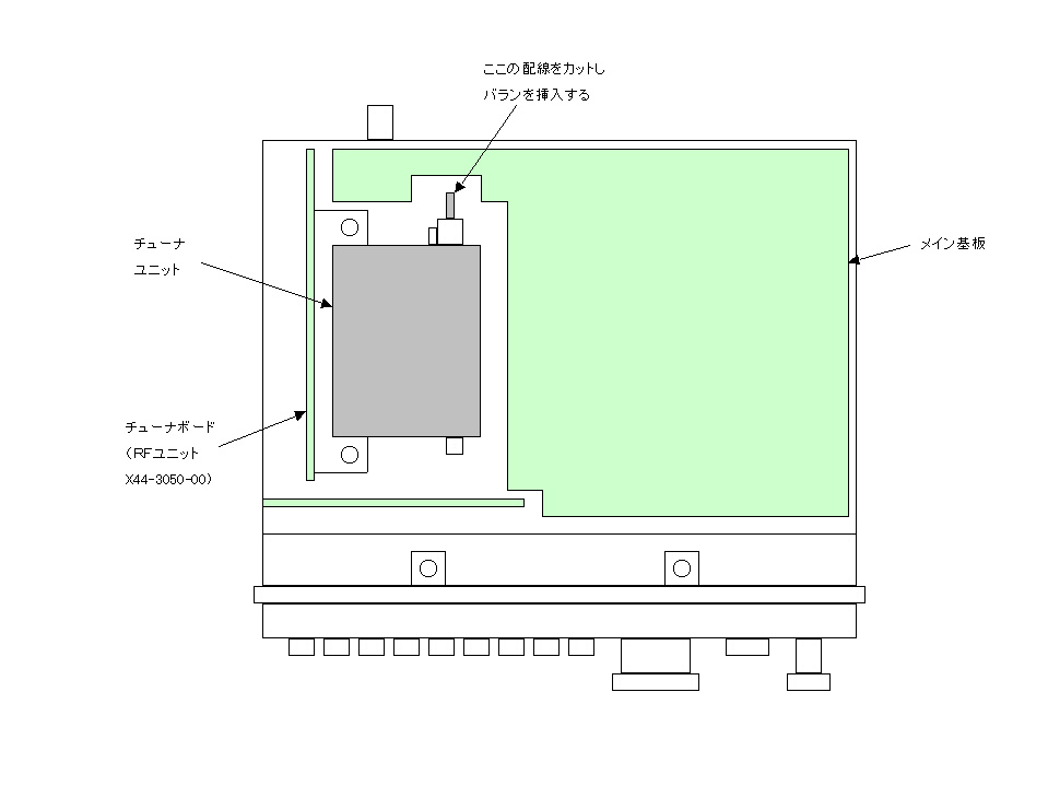私が実施した改造の内容は、FRG−965の項で説明した内容と、 基本的には同じで、チューナパック出力にIFアンプを追加して 分配ロス分を補う事と、UHF入力系のインピーダンスマッチングの 2点です。(ただし、FRG−965で実施したANT入力のチューナ パック直結までは行っていません。)
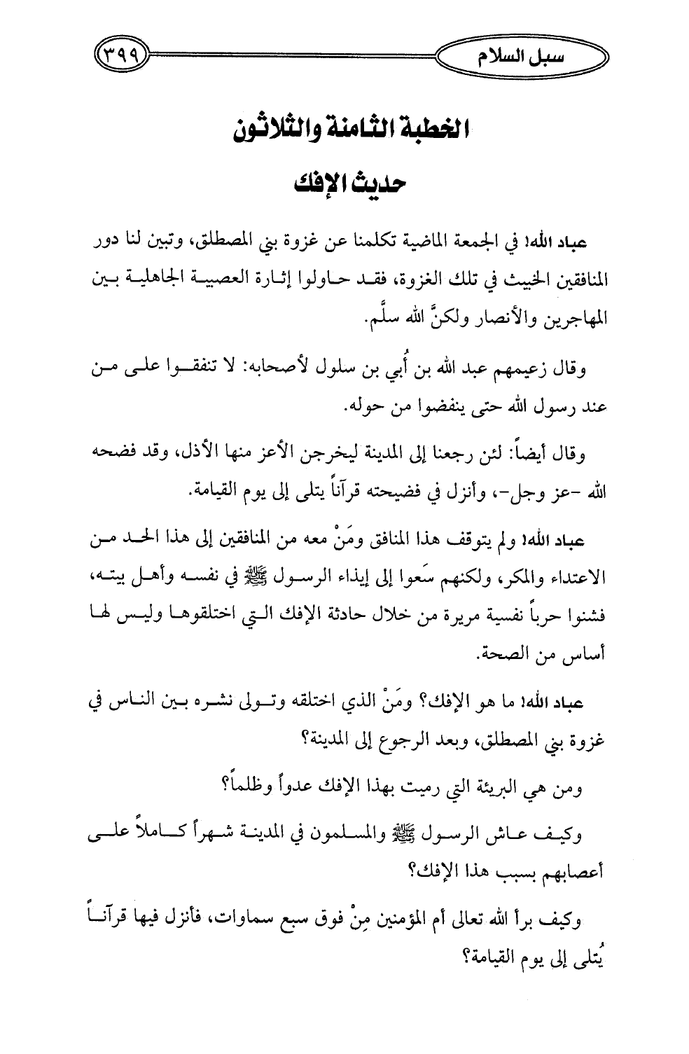 الخطبة الثامنة والثلاثون: حديث الإفك
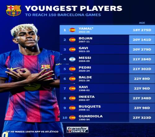 亞馬爾完成150場時(shí)只有18歲零275天,是巴薩隊(duì)史達(dá)到這一里程碑最年輕的球員。他打破了博揚(yáng)的紀(jì)錄——博揚(yáng)在2011年完成150場時(shí)是20歲零141天,比亞馬爾大了將近兩歲。
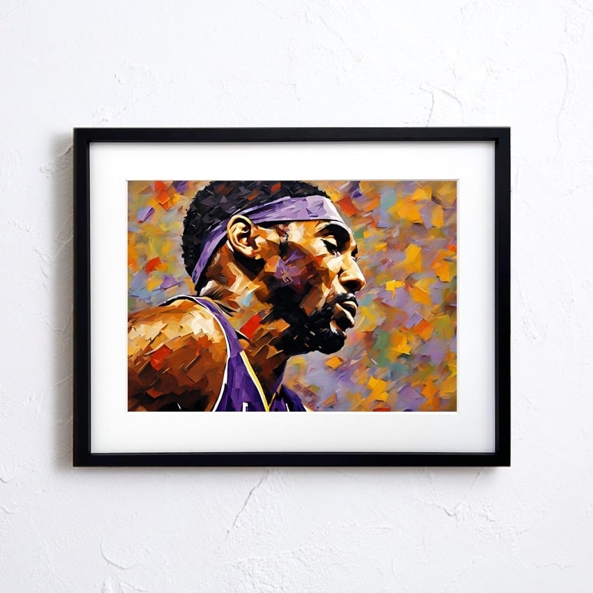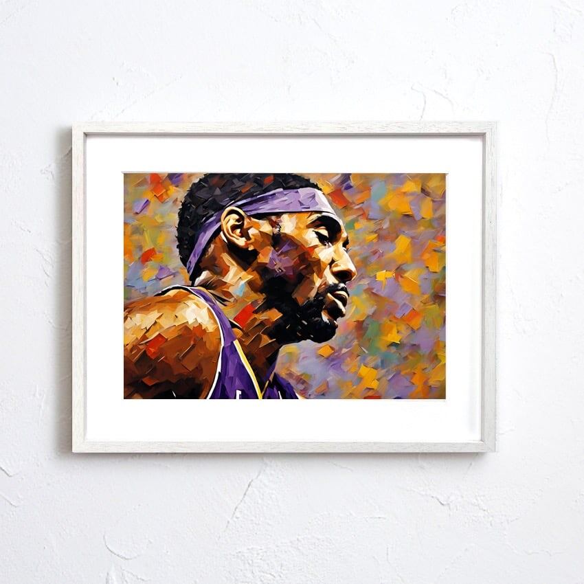 バスケットボール界の伝説を日常に感じられるアートとして、自宅やオフィスに飾れば空間に力強さとインスピレーションを与えます。
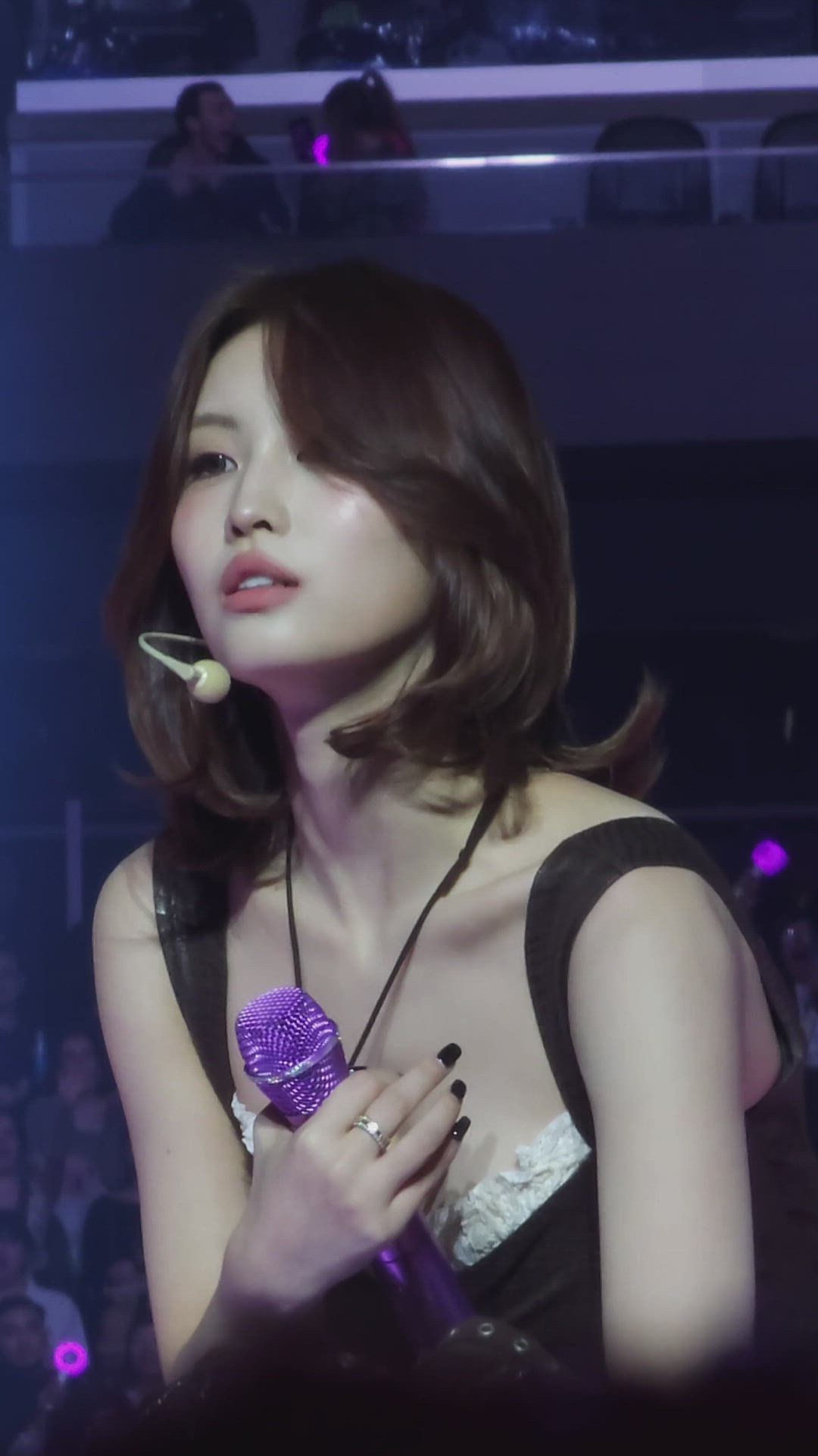 모모는 무대 위에서 고급스러운 매력이 돋보이는 퍼포먼스 룩을 선보이고 있습니다. 어두운 계열의 상의와 섬세한 레이스 디테일이 조화를 이루어 시크하면서도 여성스러운 분위기를 연출합니다. 강렬한 블랙 네일과 심플한 링 액세서리가 모모의 세련된 스타일을 더욱 강조합니다. 이러한 조합은 무대 위에서 카리스마를 발산하며, 보는 이들에게 깊은 인상을 남깁니다.
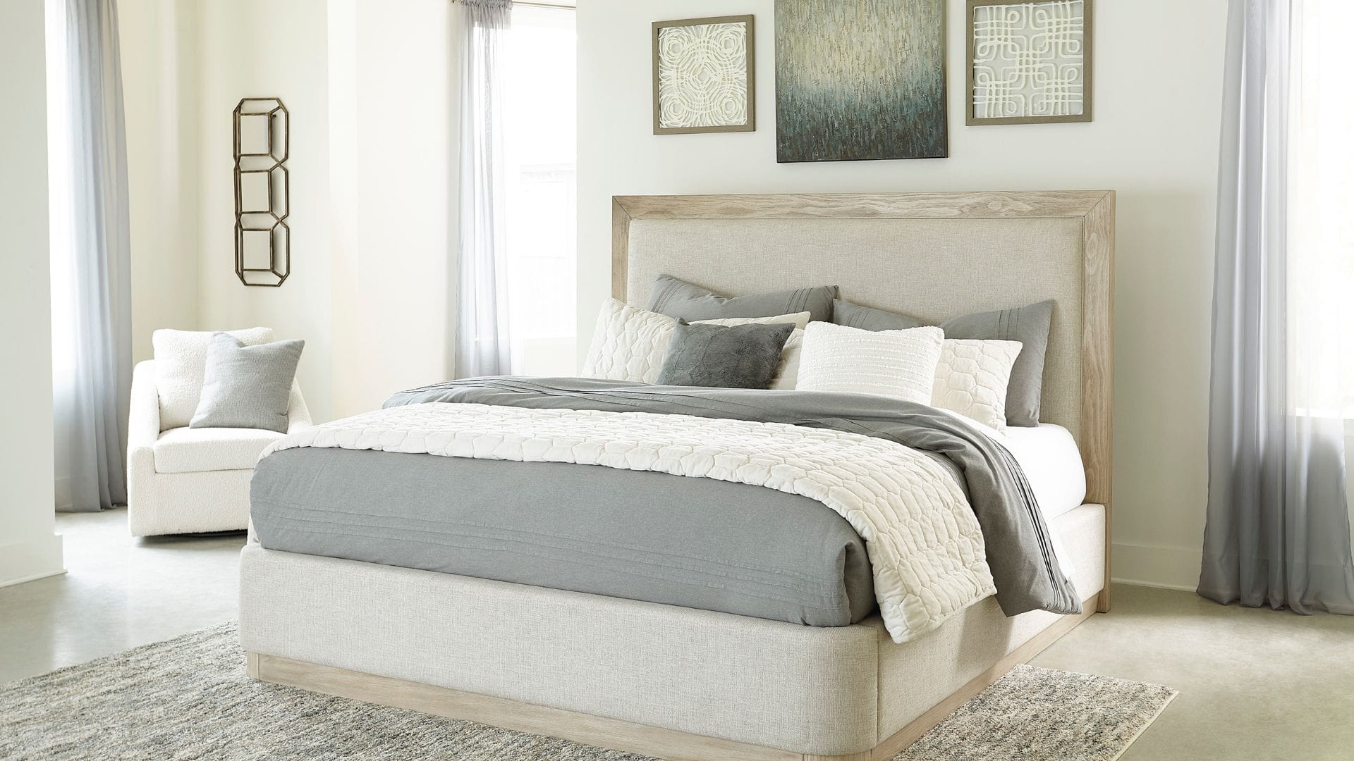 Get the luxe modern contemporary design you love at an affordable price. The Hennington king upholstered panel bed features a structured silhouette on a plinth base that elevates the piece to a modern masterpiece. Soft yet still sleek in design, this bed’s side rails and footboard are cushioned and have rounded ends. The textural surface of the bisque-colored wood pairs beautifully with the neutral upholstery.
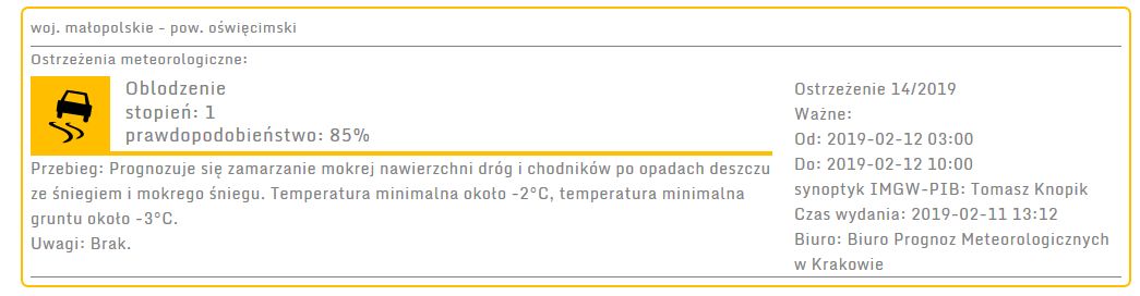 Ostrzeżenie meteorologiczne: Oblodzenie stopień: 1 2019-02-11
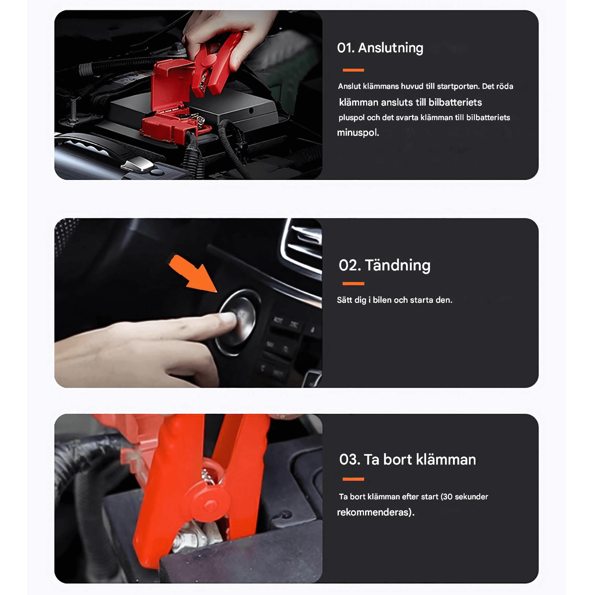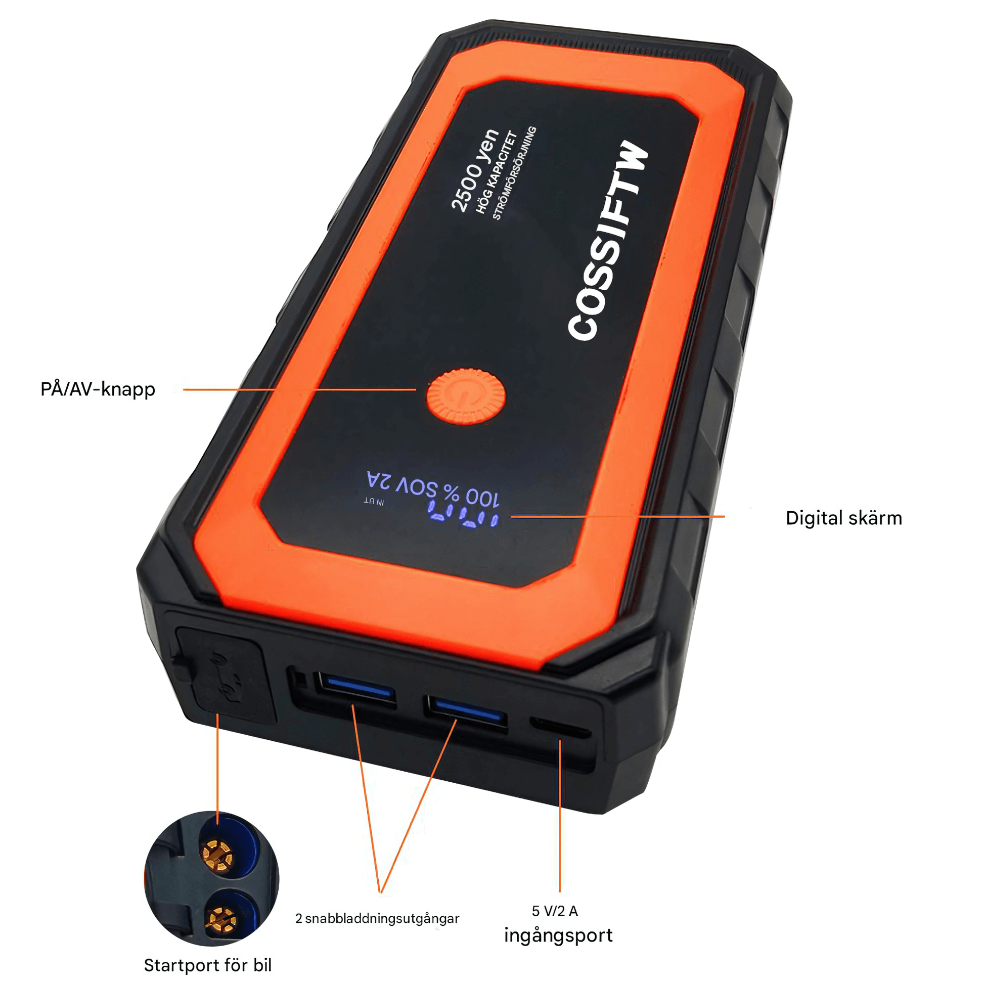 - ⚡ Hög peak‑ström på upp till 2500A – kan användas för många olika 12V‑fordon

Instructions for the task: Any picture in the material is to be dropped; the rest is repeated exactly.

Solution to the problem:
私が実施した改造の内容は、FRG−965の項で説明した内容と、 基本的には同じで、チューナパック出力にIFアンプを追加して 分配ロス分を補う事と、UHF入力系のインピーダンスマッチングの 2点です。(ただし、FRG−965で実施したANT入力のチューナ パック直結までは行っていません。)
 الخطبة الثامنة والثلاثون: حديث الإفك
 亞馬爾完成150場時(shí)只有18歲零275天,是巴薩隊(duì)史達(dá)到這一里程碑最年輕的球員。他打破了博揚(yáng)的紀(jì)錄——博揚(yáng)在2011年完成150場時(shí)是20歲零141天,比亞馬爾大了將近兩歲。
 バスケットボール界の伝説を日常に感じられるアートとして、自宅やオフィスに飾れば空間に力強さとインスピレーションを与えます。
 모모는 무대 위에서 고급스러운 매력이 돋보이는 퍼포먼스 룩을 선보이고 있습니다. 어두운 계열의 상의와 섬세한 레이스 디테일이 조화를 이루어 시크하면서도 여성스러운 분위기를 연출합니다. 강렬한 블랙 네일과 심플한 링 액세서리가 모모의 세련된 스타일을 더욱 강조합니다. 이러한 조합은 무대 위에서 카리스마를 발산하며, 보는 이들에게 깊은 인상을 남깁니다.
 Get the luxe modern contemporary design you love at an affordable price. The Hennington king upholstered panel bed features a structured silhouette on a plinth base that elevates the piece to a modern masterpiece. Soft yet still sleek in design, this bed’s side rails and footboard are cushioned and have rounded ends. The textural surface of the bisque-colored wood pairs beautifully with the neutral upholstery.
 Ostrzeżenie meteorologiczne: Oblodzenie stopień: 1 2019-02-11
 - ⚡ Hög peak‑ström på upp till 2500A – kan användas för många olika 12V‑fordon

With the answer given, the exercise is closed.